* Your assignment *
Repeat the listing below word for word, minus the pictures.

* Dataset excerpt *
|---|
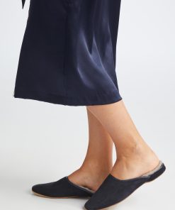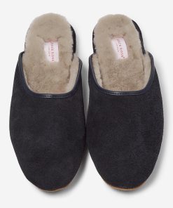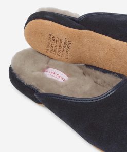 Look forward to getting up in the morning with our Imogen suede and sheepskin lined navy mule slippers for women. Trust us, your feet will thank you!
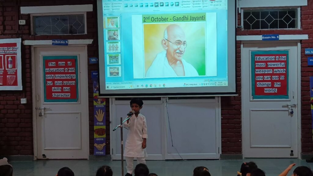 Salwan Montessori School celebrated Gandhi Jayanti with a lot of enthusiasm on Friday, 30 September 2025. To commemorate the birth anniversary of Mahatma Gandhi, the father of our nation, a special assembly was organized to assimilate the teachings of the great leader.
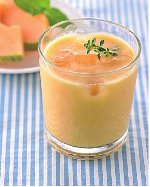 2.将芒果、哈密瓜放入榨汁机内,加入牛奶搅打成汁即可。
|---|
* Solution to the problem *
 Look forward to getting up in the morning with our Imogen suede and sheepskin lined navy mule slippers for women. Trust us, your feet will thank you!
 Salwan Montessori School celebrated Gandhi Jayanti with a lot of enthusiasm on Friday, 30 September 2025. To commemorate the birth anniversary of Mahatma Gandhi, the father of our nation, a special assembly was organized to assimilate the teachings of the great leader.
 2.将芒果、哈密瓜放入榨汁机内,加入牛奶搅打成汁即可。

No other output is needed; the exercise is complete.